Les plateformes devront informer les usagers sur la loi, les droits de l’enfant et les risques psychologiques. Un système de signalement pourrait voir le jour et les plateformes devront possiblement adopter des chartes qui auront pour objectifs d’améliorer la lutte contre l’exploitation commerciale illégale de l’image des enfants.
Comme pour les droits d’auteur, YouTube n’aura pas les moyens de tout vérifier et contrôler et risque donc de censurer une bonne partie de ce genre de vidéo. Il serait donc préférable de conserver en tout ou partie les dispositifs de cette loi favorables aux enfants, mais en faisant condamner d’abord, et le cas échéant lourdement, les parents et vidéastes responsables de ces tournages plutôt que les plateformes.

D- La taxe Youtube

Que serait la France sans une taxe ? Le 6 décembre 2016, les députés français ont voté une loi surnommée la « taxe YouTube » prévoyant de taxer les revenus générés par la publicité sur YouTube en faveur des créateurs de vidéos[12].

« La taxe YouTube » cible les revenus publicitaires des sites mettant à disposition des vidéos gratuites ou payantes sur Internet, dont le leader incontesté est YouTube.
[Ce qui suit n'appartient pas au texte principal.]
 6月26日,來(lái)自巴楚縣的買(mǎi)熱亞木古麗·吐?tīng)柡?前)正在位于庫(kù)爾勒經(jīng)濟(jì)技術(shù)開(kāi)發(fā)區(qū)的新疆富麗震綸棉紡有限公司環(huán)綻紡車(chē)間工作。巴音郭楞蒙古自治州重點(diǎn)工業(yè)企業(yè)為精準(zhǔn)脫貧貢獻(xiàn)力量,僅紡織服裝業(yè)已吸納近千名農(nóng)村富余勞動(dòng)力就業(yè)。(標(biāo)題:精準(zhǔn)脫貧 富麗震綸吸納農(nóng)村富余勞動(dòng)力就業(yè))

Le but est affiché : la députée Karine Berger l’a dit clairement, l’objectif est d’« atteindre les GAFA qui, la plupart du temps, échappent à l’impôt ».

Le taux de taxation était de 2%. Elle était portée à 10% lorsque les recettes publicitaires ou de parrainage sont liées « à la diffusion de contenus et œuvres cinématographiques ou audiovisuelles à caractère pornographique ou violent », contenus ciblés et supprimés par YouTube depuis quelques années déjà. Mais avec la loi de finances pour 2020, le taux de base est passé à 5,15 %. Cette taxe YouTube a donc vocation à gonfler au fil des années pour venir combler le déficit structurel de l’Etat.
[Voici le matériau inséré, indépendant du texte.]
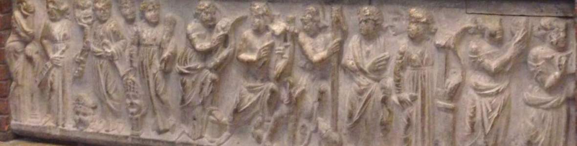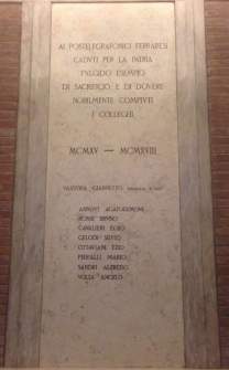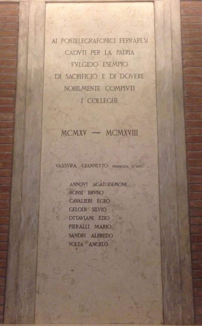 All'interno del Palazzo delle Poste di Ferrara, sotto una lapide ai Postelegrafonici ferraresi caduti nella Grande Guerra vi è questo sarcofago romano di marmo del III sec. che rappresenta le Muse al cospetto di Apollo e Atena. Il monumento sarebbe stato collocato dall'architetto Angiolo Mazzoni con l'intento di dare alla città, storicamente priva di origini romane, una testimonianza di quella romanità altrimenti assente.
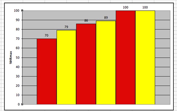 Données comparant les étendues de zone HR d’un groupe de coureurs (colonnes jaunes) et de coureurs (colonnes rouges) et le nombre de points TRIMP à allouer à chaque zone HR
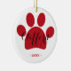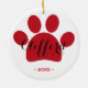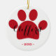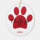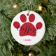 Ideia bonito do presente para amantes do animal de estimação! Enfeites de natal vermelhos da pata personalizados com nome de pia batismal da tipografia do roteiro.
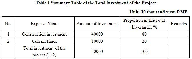 The total investment of the project is 500 million yuan, of which the construction investment is 400 million yuan.
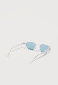 Γυαλιά ηλίου με διαφανές πλαίσιο, στρογγυλεμένους μπλε φακούς και λεπτούς βραχίονες που ακουμπούν σε λευκή επιφάνεια.
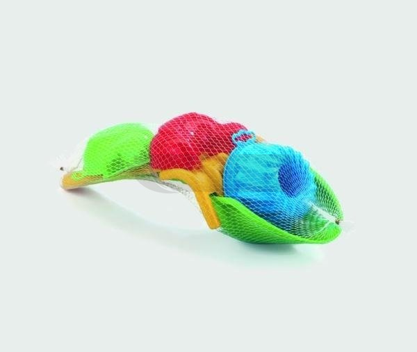 W zestawie 5 elementów: łopatka, grabki, 3x foremka
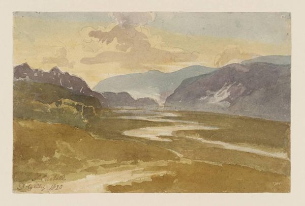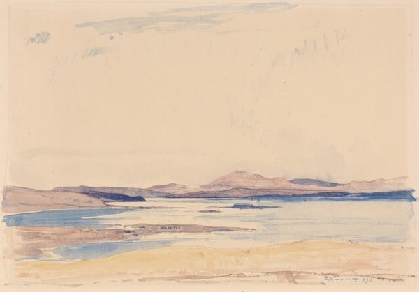 David Young Cameron rendered this watercolor, titled 'Morning in Albyn', with a delicate hand. Observe how the landscape is structured around the tranquil lake, a symbol often associated with introspection and the subconscious mind. The mountains, shrouded in a soft mist, evoke a sense of timelessness, reminiscent of the Romantic era's fascination with the sublime. Mountains have always signified the ascent to enlightenment, yet here, they seem softened, inviting contemplation rather than arduous climbing. Think of Caspar David Friedrich's wanderers, but in Cameron's vision, the journey is internal. The subtle play of light, indicating the break of dawn, carries echoes of ancient solar worship. Light as knowledge, the unveiling of truth, an archetypal motif spanning millennia. Consider the Egyptian sun god Ra, or the Christian symbolism of Christ as the light of the world; these images resonate in Cameron's gentle sunrise. It speaks to our collective memory, engaging us on a profound, subconscious level. The landscape is both a reflection and a projection, a space where nature and the soul intertwine.
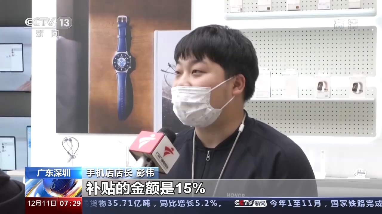 手机店店长彭伟:补贴的金额是15%,对客户的消费促进是非常大的,我们销售起码能增加50%的营业额。
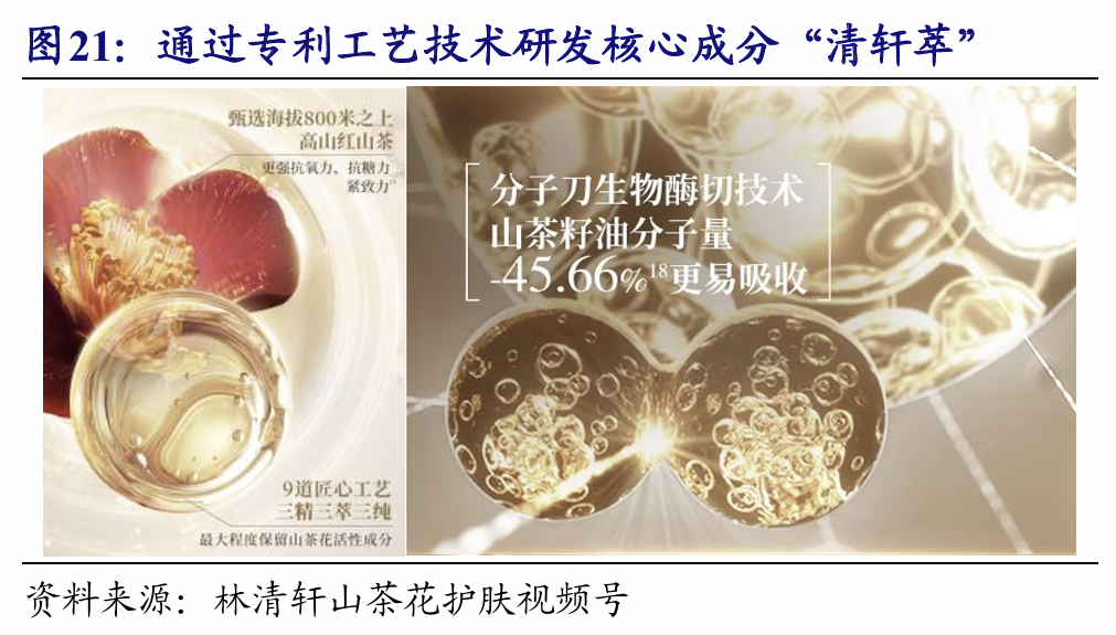 研发端:全产业链科研布局,独家成分“清轩萃”构筑技术壁垒。公司坚持“全产业链”发展,是面部精华油市场唯一实现全价值链一体化的企业,能够持续通过技术创新迭代核心成分,不断提升产品的功效壁垒。在原料端,公司在浙江及江西等地战略锁定超2万亩高山红山茶花种植基地,从源头把控原料品质与供应稳定。在科研端,拥有由85名专家组成的跨学科团队,并设立专门的细胞级实验室,通过“三精、三萃、三纯化”等专利工艺,成功研发出核心活性成分“清轩萃”及山茶超胜肽等特有成分,截至2025年12月8日,已获87项专利,含46项发明专利,掌握分子刀定向生物酶切等前沿技术。

La taxe est due par tout opérateur, quel que soit son lieu d’établissement, proposant un service en France qui donne ou permet l’accès, à titre onéreux ou gratuit, à tout type de contenus audiovisuels.

Sont ainsi considérés comme redevables de la taxe tant les éditeurs de services de médias audiovisuels à la demande (comme Universciné ou iTunes) que les plateformes communautaires (Youtube ou Dailymotion). Toutefois, dans ce cas, pour tenir compte de la spécificité des contenus audiovisuels disponibles via ces services, pouvant comprendre une part importante de contenus amateurs, créés par des utilisateurs privés, il est prévu un abattement d’assiette de 66% au lieu de l’abattement de 4% dans les autres cas. En outre, les services dont les contenus audiovisuels sont secondaires, comme les sites de presse, les services dont l’objet principal est consacré à l’information, ainsi que les services dont l’activité est de diffuser les informations sur les œuvres auprès du public seront exclus du dispositif. Enfin, il est prévu que le produit de cette « taxe YouTube » aille abonder le Centre national du cinéma (CNC), qui octroie des aides publiques aux créateurs.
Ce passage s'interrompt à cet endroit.